Phylogenetic analyses using plastid genes have been conducted across a range of divergences from the species level and to very deep levels. Particularly at deeper levels (e.g. at divergences traditionally recognized at the family level and deeper), plastid data have been of enormous value. Initial studies employed only rbcL (encoding the large subunit of RuBisCO); in a landmark study showing the utility of plastid gene sequences, a collaboration of 43 investigators provided the first DNA phylogenetic framework for seed plants based on an analysis of 499 species (Chase et al., 1993) . Most recently, next-generation sequencing has enabled the sequencing of the complete plastid genome and the assembly of large phylogenetic trees across all green plants (Gitzendanner et al., 2018; Ruhfel et al., 2014) ; other studies of plastid loci have focused on major subclades of green plants . Plastid phylogenetics ushered in the most the fundamental changes in our understanding of plant relationships in the past 150 years, revealing the major clades of green plants, the sister group to land plants, relationships across land plants, with a major reshaping of our understanding of moss, liverwort, fern, gymnosperms and angiosperm phylogeny.

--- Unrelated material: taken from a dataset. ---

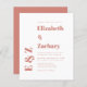 Este convite de casamento simples e moderno apresenta texto de terracota sobre um fundo branco. Adicione os nomes e as iniciais do monograma da noiva e do noivo à tipografia na moda bold e os detalhes na fonte sans serif. O reverso é uma sombra de terracota sólida. NOTA: os envelopes não são incluídos automaticamente nestes convites de orçamento, portanto lembre-se de escolher a opção "envelopes brancos"!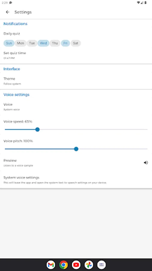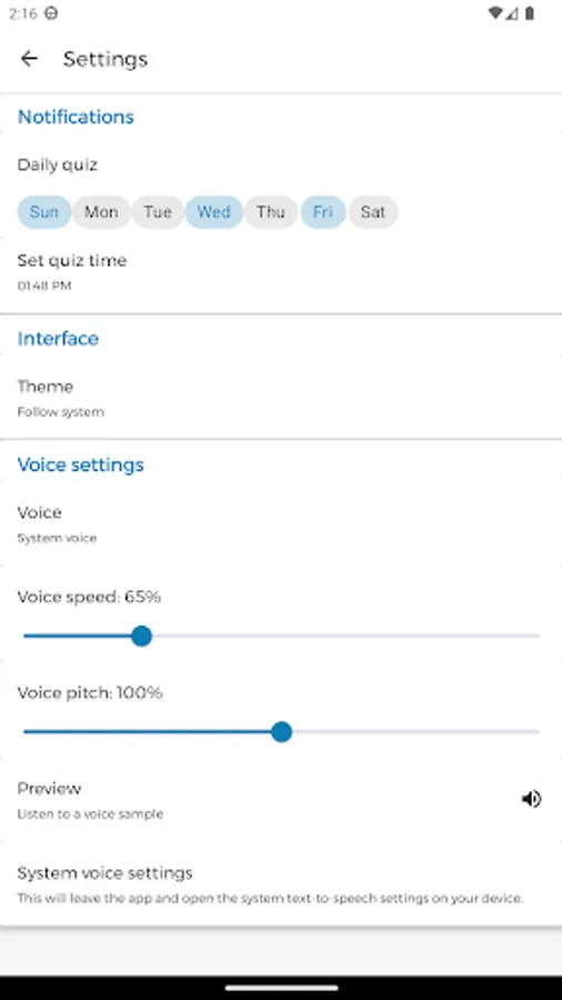 Sentences are read using your devices Text to Speech engine. We recommend installing Google’s Text to Speech engine and enabling it in your phone’s settings. You can choose Male or Female voice as well as speech rate and speed in the Text to Speech settings.

Not only have these studies resulted in a clearer understanding of evolutionary relationships, they have also prompted major new classifications for the angiosperms (APG IV 2016) and ferns (Pteridophyte.Phylogeny.Group, 2016); these are groundbreaking classifications that represent dramatic changes from anything previously published based on morphology.

In some cases, the plastid genome has exhibited enough variation to be of utility in studies at the population level and also in phylogeographic analyses (Brunsfeld et al., 2001; Soltis et al., 1997) , although not on the scale observed with mtDNA in animals. Although hybridization has long been known to be a major force in plant evolution, molecular studies using plastid genes have revealed many unsuspected past hybridization events showing that hybridization is even more prevalent in plants than thought, with hundreds of documented cases of introgression of plastid genomes. Most of our current framework of green plant phylogenetic relationships is based on plastid genome sequence data, and current classifications are largely based on plastid gene phylogenetics. Only in the past few years as nuclear gene sequencing has become more routine have comparable nuclear gene topologies been generated. Importantly, there are discordances between plastid and nuclear trees, not only at shallow levels where introgression has long been detected, but also at deep levels , indicating putative ancient reticulation.

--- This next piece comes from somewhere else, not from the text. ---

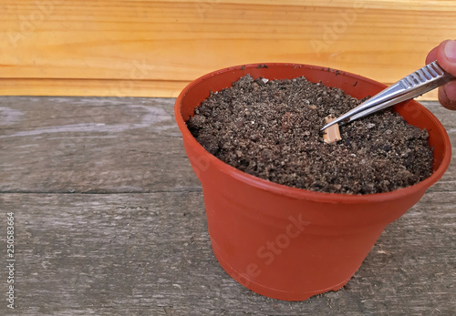 Sowing a seed in potting soil with Copy space

Studies of plastid genes and genomes have also revealed the complex history of the plastid green plant clade, with secondary and tertiary endosymbiotic events (representing the capture of photosynthetic green or red algae) occurred in other lineages, including brown algae, red algae and Euglena (Keeling, 2004; Keeling, 2010; Palmer et al., 2004) . Together, this increasingly large set of plastid genes and genomes from across green plant phylogeny and other clades of photosynthetic eukaryotes provides the sequence information and resources, not only for tracing plant evolution, but also for chloroplast genetic engineering.

The technical innovations (Moore et al., 2006; Stull et al., 2013; Uribe-Convers et al., 2014) that enabled use of the entire plastome, or at least most of the~80 protein-coding genes, as well as the four tRNA genes, typical of an angiosperm plastome, in phylogenetic analyses (Gitzendanner et Stull et al., 2015) continue to be instructive about the evolution of the genome itself. Despite long-standing debate about if, when and how to combine data from different sources (molecules and morphology) or different genomes (nuclear and organellar), combining all plastid genes in a single analysis, perhaps with different evolutionary parameter values, has generally received consensus, as these genes are linked and represent a single chromosome (perhaps viewed as a single character, Doyle, 1992) , and most studies have indeed combined plastid genes into a single analysis. Recent evidence, however, has revealed extensive topological discordance among trees built from individual plastid genes, both across angiosperms as a whole (Walker et al., 2019) and within legumes . Although differences among plastid gene trees may arise due to biological causes-for example heteroplasmic recombination and gene transfer among plastid, nuclear and mitochondrial genomes -strong conflict is unexpected, particularly given that heteroplasmy is considered rare (Sancho et al., 2018; Sullivan et al., 2017) , limiting the possibility of recombination. The factors responsible for observed discordant plastid gene trees are not well understood on an empirical level, and more research is needed into heteroplasmy and intergenomic transfer, although results to date point to both stochastic and systematic error, the latter arising due to misspecifications of the evolutionary model used in the phylogenetic analysis (Walker et al., 2019) . Regardless of the cause of gene tree conflict, plastid genes, if combined into a single analysis, may conflate multiple phylogenetic signals, muddying the overall inference of both topology and branch lengths, with consequences for downstream analyses of divergence times, diversification, character evolution and more; thus, greater exploration of plastid gene trees is needed in future studies.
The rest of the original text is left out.